I run xlock on suspend rather than on resume, seems more reliable. I'm any case, locking is trivial to bypass by pressing Control-C a few times on resume to kill xorg, hence why I also start X with "startx; exit" so that this drops to the login prompt instead of the shell.


I think this still isn't secure. Try "sleep 5; exit" and press C-Z. You won't be logged out. You probably want to use "exec startx" instead.


Thank you, I took a look at my shell man page and this is very helpful.


I'm interested to understand why. Is it because of the design of Xorg?

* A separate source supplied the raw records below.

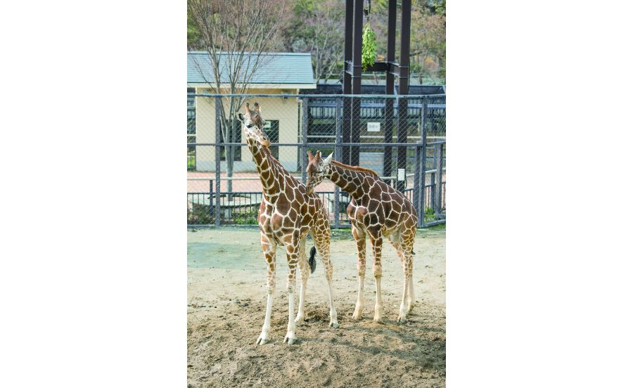 つぶらな瞳が可愛いメイと、おっとりとして落ち着きのある2歳のイブキ。首を絡ませたり、何かとちょっかいをかけたり、2頭がたわむれる姿にほっこり。グラウンドでキリンたちが遊ぶ姿を一望するなら、動物舎の屋上に設けられた木の遊歩道へ!
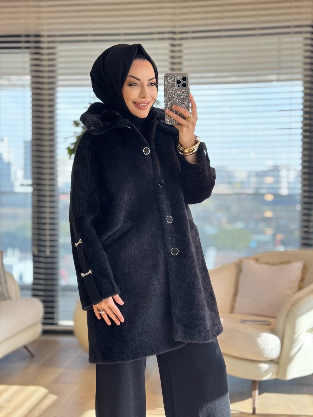 2461 Kolları Trikolu Peluş Kaban Siyah
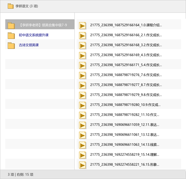 本次分享的资源是【李妍语文】系列,包含初中语文系统提升课、古诗文领英课及7-9年级领英合集。
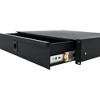 The Gator Standard 2U Rack Drawer is 14.2 inches deep and is constructed of cold rolled 16 gauge steel. It fully encloses desired equipment and has smooth glide slides and spring loaded latches for easy access. It features two 2-in. rubber grommets for rear access and a lock knock-out, with included lock and key.
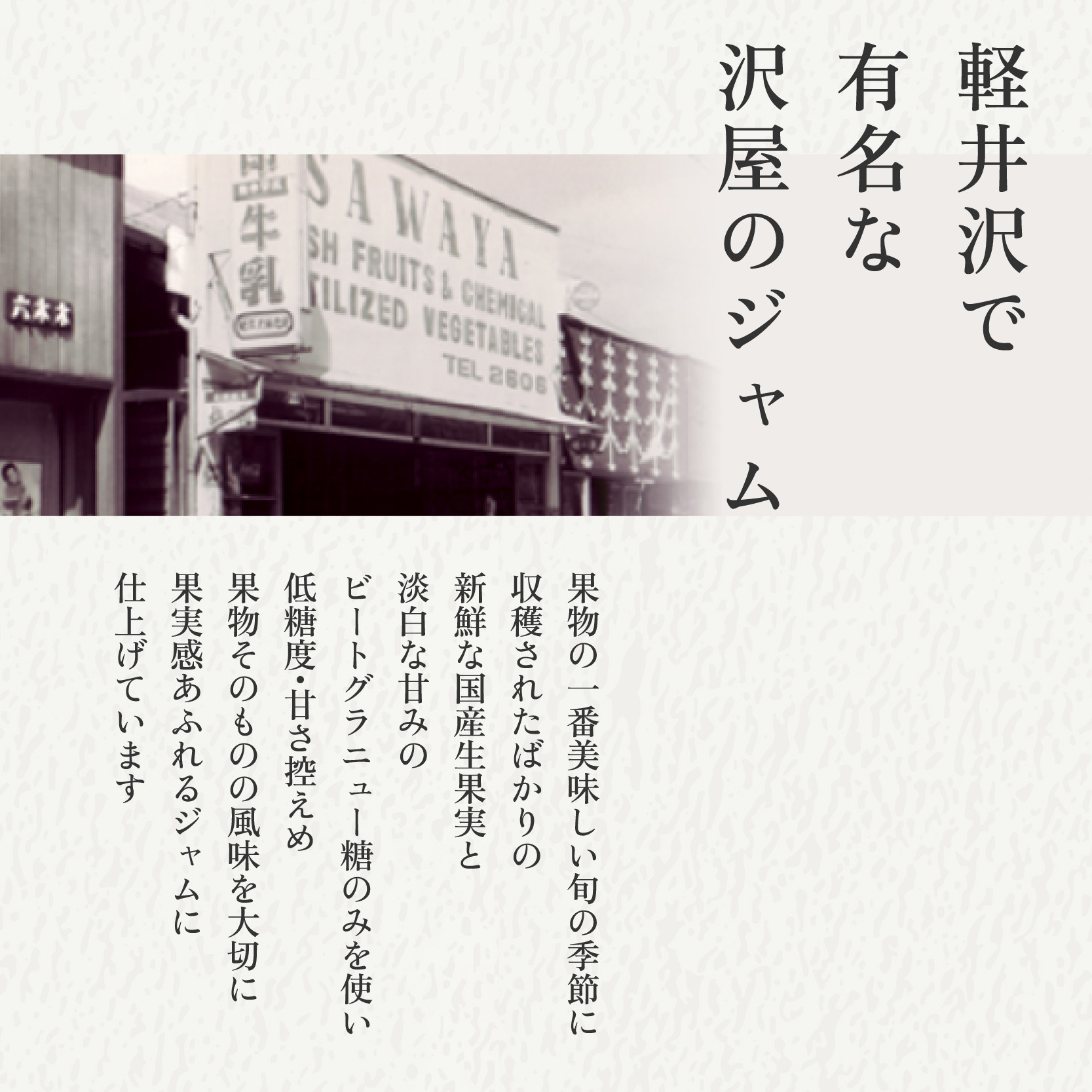 1952年に旧軽井沢テニスコート通りに看板を掲げた小さな青果店。滞在する外国人宣教師や外国大使別荘の方々へ新鮮な野菜や果実を納めていた沢屋では、お客様のご要望で無添加・低糖度の手作りジャムを作り始めます。当時は甘いジャムが多い中、低糖度で甘さ控えめのジャムは口コミで評判を呼び、いつしかジャム専門店に生まれ変わりました。
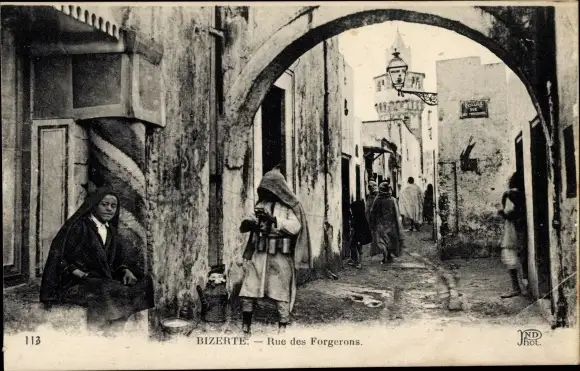 Ak Bizerte Tunesien, Rue des Forgerons, Einwohner, Straßenansicht

Yes, it's one of the reasons Wayland was created. Screensavers didn't exist when X was designed. https://www.phoronix.com/scan.php?page=news_item&px=OTI5MQ

> Right now with screensavers under X it's basically capturing the input and continually redrawing over the display. > With Wayland, Kristian plans for the lock-screen to be part of the Wayland compositor. In having the compositor handle the screensaver role, it can ensure that no window can appear atop the screensaver surface, it can properly detect idling and grabs already, and has complete control over the screen. Unlike the X design, there wouldn't even need to be a screensaver "window" that's on top but the compositor could just keep painting a black screen. For those interested in a "fancy screensaver", a plug-in could be used or an out-of-process Wayland client for drawing whatever you desire.